GroupedDataProcessor(schema, config, bos_token, eos_token, group_by, order_by=None, tokenizer=None)

Bases: Processor

Processor for grouped data generation tasks.

Used when training examples are grouped (and optionally ordered) by a column. Validates that each group has a unique group_by value and respects the order_by ordering.

Parameters:

Name Type Description Default
schema dict[str, Any]

JSON schema as a dictionary.

required
config ValidationParameters

Validation parameters controlling tolerance for invalid records, non-unique group values, etc.

required
bos_token str

Token delimiting the beginning of a group sequence.

required
eos_token str

Token delimiting the end of a group sequence.

required
group_by str

Column name that defines groups.

required
order_by str | None

Column name to enforce ordering within a group, or None if ordering is not required.

None
tokenizer PreTrainedTokenizerBase | None

Optional tokenizer for exact per-record token counting.

None
Source code in src/nemo_safe_synthesizer/generation/processors.py
def __init__(
    self,
    schema: dict[str, Any],
    config: ValidationParameters,
    bos_token: str,
    eos_token: str,
    group_by: str,
    order_by: str | None = None,
    tokenizer: PreTrainedTokenizerBase | None = None,
):
    super().__init__(schema=schema, config=config, tokenizer=tokenizer)
    self.group_by: list[str] = [group_by]
    self.order_by = order_by
    self.bos_token = bos_token
    self.eos_token = eos_token

create_processor(schema, metadata, config, tokenizer=None)

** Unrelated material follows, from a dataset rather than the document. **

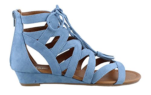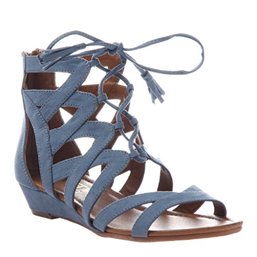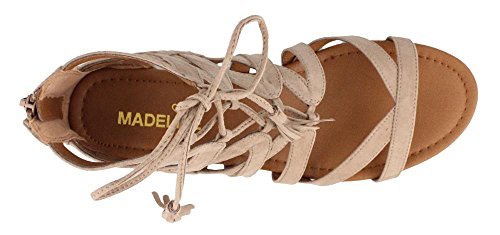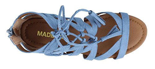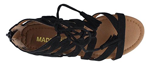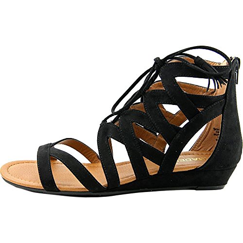 Studio : MADELINE GIRL Publisher : MADELINE GIRL Binding : Apparel Product Description Women's Madeline Girl, Saturate Gladiator Sandals Saturate your look in fun fashion! Fabric upper Front lace up closure for a secure fit with easy entry back zipper Fabric lining Lightly padded footbed for added comfort 1 inch wedge heel Manmade outsole. Heel Height of 1.00 inches 0
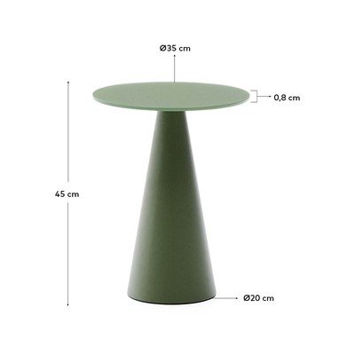 Tā apaļā virsma ir izgatavota no rūdīta stikla, kas apstrādāts ar īpašu pārklājumu pret pirkstu nospiedumiem, nodrošinot vienmērīgu un izturīgu virsmu. Galdiņš balstās uz koniskas formas tērauda pamatnes, kas ir pārklāta ar pulverkrāsu. Šis pārklājums veido stipru un noturīgu slāni, pasargājot pamatni no triecieniem, skrāpējumiem un nodiluma. Turklāt pamatne ir aprīkota ar īpašiem elementiem, lai pasargātu jūsu grīdas segumu.

Create the appropriate record processor for the current pipeline mode.

Selects TimeSeriesDataProcessor, GroupedDataProcessor, or TabularDataProcessor based on the pipeline configuration.

Parameters:

Name Type Description Default
schema dict[str, Any]

JSON schema describing the expected record format.

required
metadata ModelMetadata

Model metadata (prompt template, BOS/EOS tokens, etc.).

required
config SafeSynthesizerParameters

Pipeline configuration determining the generation mode.

required
tokenizer PreTrainedTokenizerBase | None

Optional tokenizer for exact token counting during record parsing. When None, token counts are not tracked.

None

Returns:

Type Description
Processor

Processor instance matching the configured generation mode.

Source code in src/nemo_safe_synthesizer/generation/processors.py
def create_processor(
    schema: dict[str, Any],
    metadata: ModelMetadata,
    config: SafeSynthesizerParameters,
    tokenizer: PreTrainedTokenizerBase | None = None,
) -> Processor:
    """Create the appropriate record processor for the current pipeline mode.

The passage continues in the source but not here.